3) The problem occurs on i686-apple-darwin9 at both -m32 and -m64.
4) -funroll-loops -param min-vect-loop-bound=2 suppresses the problem on
Macintel 
(but is it just going latent as with r134730 on gcc trunk)?


-- 


http://gcc.gnu.org/bugzilla/show_bug.cgi?id=36599



[Bug fortran/36599] major execution regression for induct.f90 polyhedron benchmark in 4.3.1 on Intel

2008-06-23 Thread rguenth at gcc dot gnu dot org


--- Comment #10 from rguenth at gcc dot gnu dot org  2008-06-23 14:02 
---
It probably made it latent.


-- 


http://gcc.gnu.org/bugzilla/show_bug.cgi?id=36599



[Bug fortran/36599] major execution regression for induct.f90 polyhedron benchmark in 4.3.1 on Intel

2008-06-23 Thread howarth at nitro dot med dot uc dot edu


--- Comment #9 from howarth at nitro dot med dot uc dot edu  2008-06-23 
13:41 ---
Since r134730 represents a new feature and can't be backported, this leaves one
question.
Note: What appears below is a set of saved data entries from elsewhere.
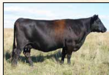
Maternal grand dam Miss Wix 7176 of Mc Cumber

An April born bull that has really gotten it done. This big bodied, wide-made bull is moderate, heavy muscled and wide based. He is a wide tracking, big rumped beef bull that earned nearly a 800 lb. 205-day weight to ratio 102. His dam is beautiful, deep ribbed, near perfect uddered daughter of Mc Cumber Titanium 5005 and is produced from 2 consecutive generations of pathfinders. She is good footed, easy fleshing and easy going. Although the youngest bull in the offering, 0298 has performed at every measure and is a heavy muscled, big bodied bull that will sire efficient, easy fleshing females.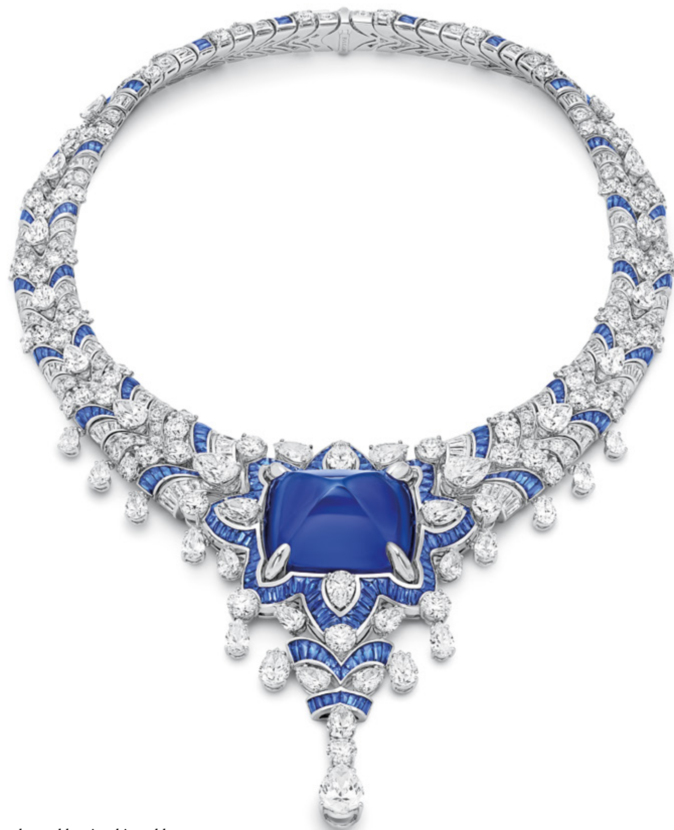
High Jewelry necklace in white gold with 1 sugarloaf sapphire (Sri Lanka, Royal Blue – 123.35 ct), 331 buff-top sapphires (26.91 ct), 30 pear-shaped diamonds (D-F VVS 16.49 ct), 98 round diamonds (D-F VVS 34.79 ct), 14 diamonds (D-F VVS 18.63 ct), 212 step-cut diamonds (E-G VVS-VS 9.50 ct), and pavé-set diamonds (D-F IF-VVS 8.50 ct)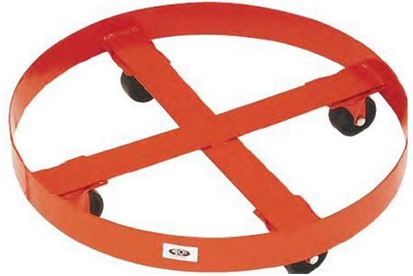
436R ROUND DRUM DOLLY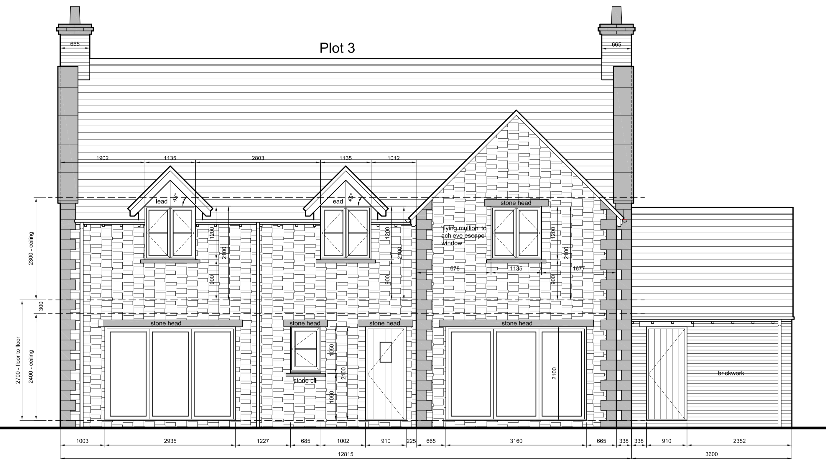
Proposed Rear Elevation (North West) Scale 1:50 @ A1 / 1:100 @ A3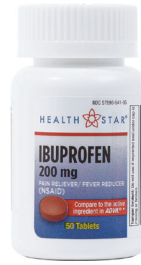
Ibuprofen Tablets, 200 mg. Count: 50 ct.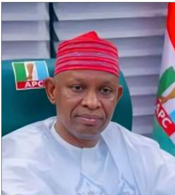
Governor Abba Yusuf

THE Kano state government has inaugurated the newly constructed TRC Bridge at the Challawa 6MW Hydro Power Site, linking Turawa town and surrounding communities in what officials described as a major boost to transportation and socio-economic activities in the area.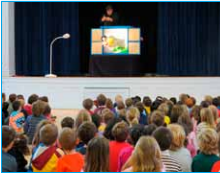
Fru Fru Theatre at Kids Euro Festival.

celebration honoring the United Nations Day. From October 27 to October 30, the FRU-FRU Puppet Theatre from Ljubljana, as part of the Kids Euro Festival, entertained its audiences with the show My Umbrella Can Be a Balloon, Too! The sixth annual Kids Euro Festival, organized by E.U. member-states is one of the largest performing arts festivals for children in the U.S.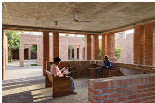
Friendship Centre Gaibandha, Bangladesh

The recipients of the thirteenth cycle Aga Khan Award for Architecture including architects, clients and craftsmen received awards from His Highness the Aga Khan and His Highness Sheikh Mohammad bin Rashid Al Maktoum, Vice-President and Prime Minister of the UAE and Ruler of Dubai, during a ceremony held at the Jahili Fort in Al Ain, UAE, on the 6 November 2016.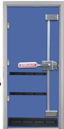
Door Strengthening Bars

Lower Module Reinforcement Kit Extra anti-pry & door stiffener plate, with thru-bolt bracket over module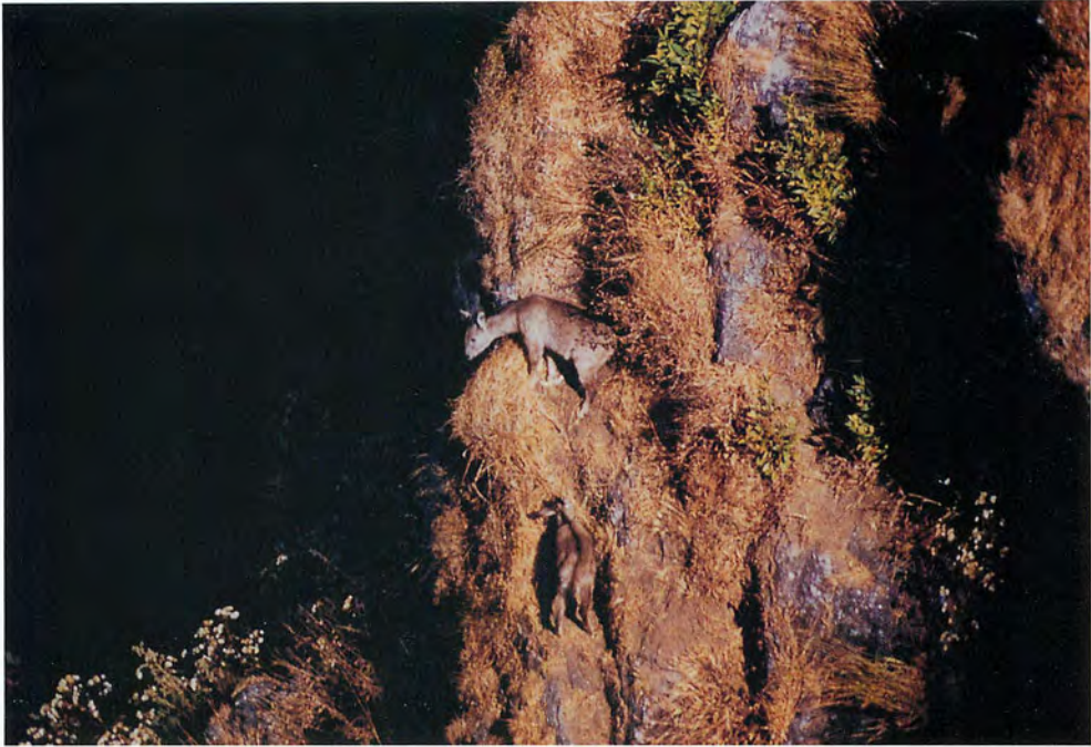
Figure 5. Female goral and its infant.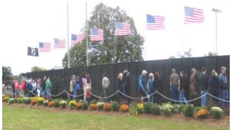
Dignity Memorial Wall Last October in Peter Nelson Park

This celebration will also honor those who are in service today and the veterans of all wars because; we are all one with one common goal; to preserve freedom as we have known it for more than 200 years. Now is the time to step up and say I want to join in and help! Work side by side with veterans and supporters to accomplish our mission. The Vietnam Veterans of America Chapter 11 are leaders, partnering with Northport VA Medical Center and Dignity Memorial to make this an experience of a life-time. Please be part of this worthy cause and join us,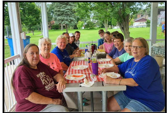
P.E.T. P.A.L.S. picnic- Great food and friends made for a fun P.E.T. P.A.L.S. picnic.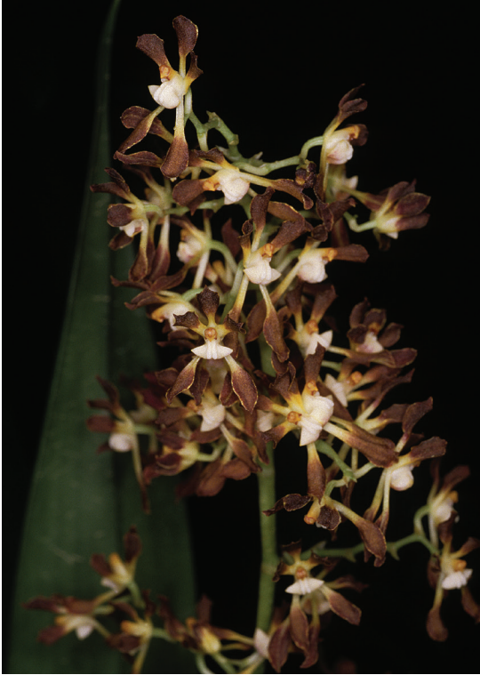
FIGURE 5. Cyrtochilum myanthum , from Ecuador.

on the upper plateau of the Cordillera del Cóndor in Ecuador (Fig. 6), growing terrestrially in a “tepui-like bromeliad sward with scattered small trees”.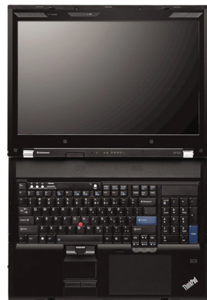
Lenovo ThinkPad W700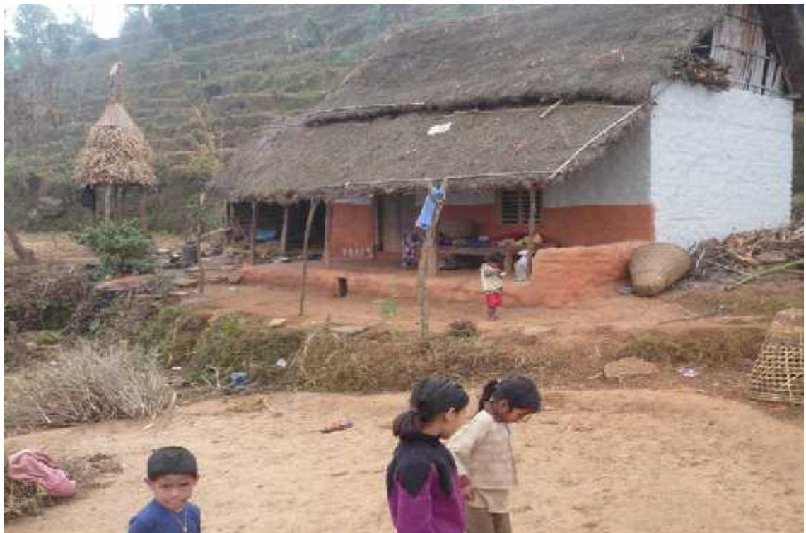
Photograph No. 6 Bishwakarma's house and their children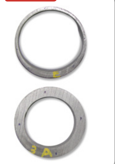
Fig. 2. Single-phase FAC caused the substantial wall thinning shown.

the reducing environment causes iron ions to leach out of the steel/magnetite matrix, resulting in the wall thinning. Temperature and pH affect the extent of the dissolution; it usually reaches a peak at a temperature of about 150°C and increases with lower pH (e.g., 9 and below).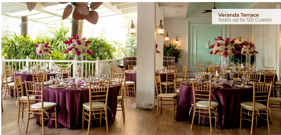
Veranda Terrace Seats up to 120 Guests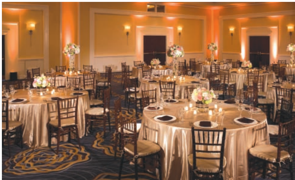
The Richard Henry Dana Ballroom at Laguna Cliffs Marriott Resort & Spa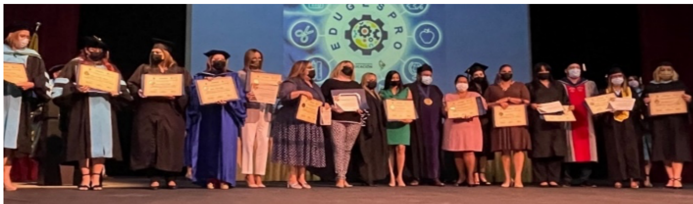
Regional team receiving EDUGESPRO certificate on graduation day, May 2022.

Working together, IDPRU and R3CC created the Professional Development Academy for Management, Leadership and Professionalism (EDUGESPRO). Since then, EDUGESPRO has impacted more than 500 school and regional leaders in Puerto Rico. Indeed, EDUGESPRO has become PRDE's signature leadership academy program.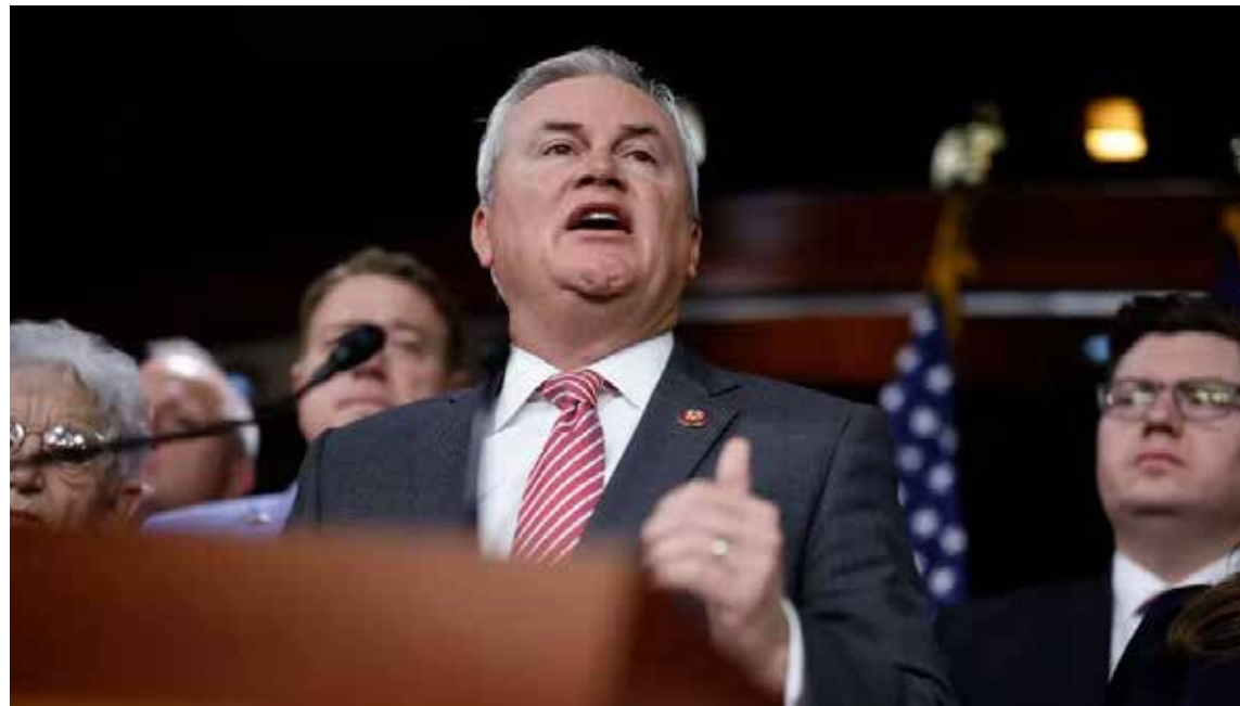
James Comer and House Republicans unveil a report into Biden family financial transactions.

The roughly 30-page report detailed what lawmakers say are various companies and financial records

Did that change un gcc trunk really 'fix' the problem in the induct
benchmark performance using -fassociative-math and -O3 or just make it go
latent?


-- 


http://gcc.gnu.org/bugzilla/show_bug.cgi?id=36599



[Bug fortran/36599] major execution regression for induct.f90 polyhedron benchmark in 4.3.1 on Intel

2008-06-22 Thread howarth at nitro dot med dot uc dot edu


--- Comment #8 from howarth at nitro dot med dot uc dot edu  2008-06-23 
00:46 ---
Looking at the SuSe polyhedron benchmark servers, the induct regression in
trunk was eliminated between 2008-04-27 and 2008-04-28. My guess is this was
fixed with...

r134730 | rguenth | 2008-04-27 12:27:08 -0400 (Sun, 27 Apr 2008) | 42 lines

2008-04-27  Richard Guenther  <[EMAIL PROTECTED]>

PR tree-optimization/18754
PR tree-optimization/34223
* tree-pass.h (pass_complete_unrolli): Declare.
* tree-ssa-loop-ivcanon.c (try_unroll_loop_completely): Print
loop size before and after unconditionally of UL_NO_GROWTH in effect.
Rewrite loop into loop closed SSA form if it is not already.
(tree_unroll_loops_completely): Re-structure to iterate over
innermost loops with intermediate CFG cleanups.
Unroll outermost loops only if requested or the code does not grow
doing so.
* tree-ssa-loop.c (gate_tree_vectorize): Don't shortcut if no
loops are available.
(tree_vectorize): Instead do so here.
(tree_complete_unroll): Also unroll outermost loops.
(tree_complete_unroll_inner): New function.
(gate_tree_complete_unroll_inner): Likewise.
(pass_complete_unrolli): New pass.
* tree-ssa-loop-manip.c (find_uses_to_rename_use): Only record
uses outside of the loop.
(tree_duplicate_loop_to_header_edge): Only verify loop-closed SSA
form if it is available.  
* tree-flow.h (tree_unroll_loops_completely): Add extra parameter.
* passes.c (init_optimization_passes): Schedule complete inner
loop unrolling pass before the first CCP pass after final inlining.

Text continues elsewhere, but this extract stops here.